Einerseits lässt sich festhalten, dass das Dienen im Sinne eines »Liebeswerkes«⁶ am Nächsten (vgl. Mk 12,31/Lev 19,18) bzw. einer »ganzheitlichen Zuwendung«⁷ eine inhaltliche Hauptlinie des Neuen Testaments und Urchristentums darstellt. Andererseits muss man sich bewusst machen, dass die entsprechenden Texte nicht immer auf die oben genannte griechische Wortfamilie diakon- zurückgreifen, sondern andere Begriffe verwenden: Christen sollen nach Paulus etwa »allen Menschen Gutes (agatos) tun« (Gal 6,10), sich um die Heiligen in Not »kümmern« (koinoneo) und »Gastfreundschaft« (philoxenia) üben (Röm 12,13). Entsprechend möge Christus die Christen reicher werden lassen »in der Liebe (agape) zueinander und zu allen Menschen« (1 Thess 3,12, alle Zitate Zürcher Bibel).

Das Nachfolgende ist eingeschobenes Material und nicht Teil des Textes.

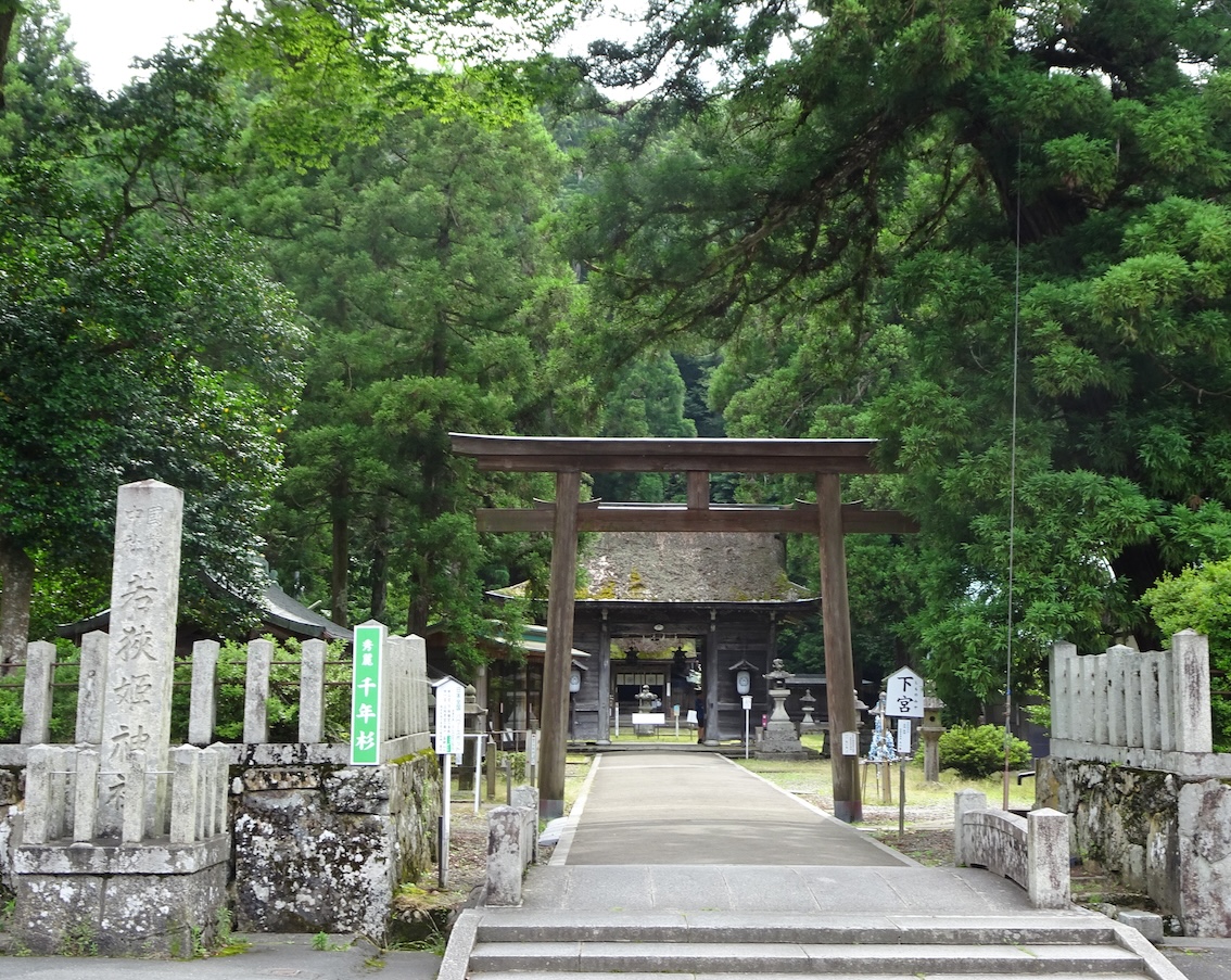 若狭姫神社は養老5年(721)に1.5kmほど離れた場所にある若狭彦神社より分祀した古い神社で、竜宮城の乙姫さまである豊玉姫命(とよたまひめのみこと)を祀る。両方のお宮を合わせて若狭一の宮と呼び、彦神社を上社と呼ぶのに対して姫神社は下社と呼ばれる。彦神社のご祭神は海幸と言われる彦火々出見尊(ひこほほでみのみこと)で、この二柱は鸕鷀草葺不合尊(うがやふきあえずのみこと)の父母である。

Auch bei der Übersetzung des griechischen Verbs diakoneo gibt es Fragen. Früher verstand man das Verb als ein »Dienen bei Tisch« (Lk 10,40) und im erweiterten Sinn als »für den Lebensunterhalt sorgen« und »dienen«, daneben war auch der Aspekt des Verkündigungsdienstes im Blick.⁸ Die neuere neutestamentliche Exegese ist dagegen der Auffassung, dass diakonia/diakoneo im Griechischen nicht vorrangig etwas mit Wohltätigkeit und Niedrigkeit zu tun haben. Vielmehr bezeichnen diese Begriffe »in der Regel eine Beauftragung, die […] häufig eine Vermittlungsfunktion dahingehend nach sich zieht, dass der Beauftragte eine Sache oder Nachricht an die Adressaten überbringen muss.«⁹ Die Menschen, die im NT diakonia tun, sind also eher »Botschafter des Evangeliums«¹⁰, betraut mit »Verkündigung und Gemeindeleitung«¹¹. Die Verbindung mit dem Tischdienst (Lk 10,40) ist dagegen eine lukanische Besonderheit. Die Diskussion in der Bibelwissenschaft ist also offen. Einig sind sich die Exegeten darin, dass das Wort diakoneo sehr vielschichtig ist und seine Bedeutung vom Einzelkontext abhängt (weitere Beispiele unten).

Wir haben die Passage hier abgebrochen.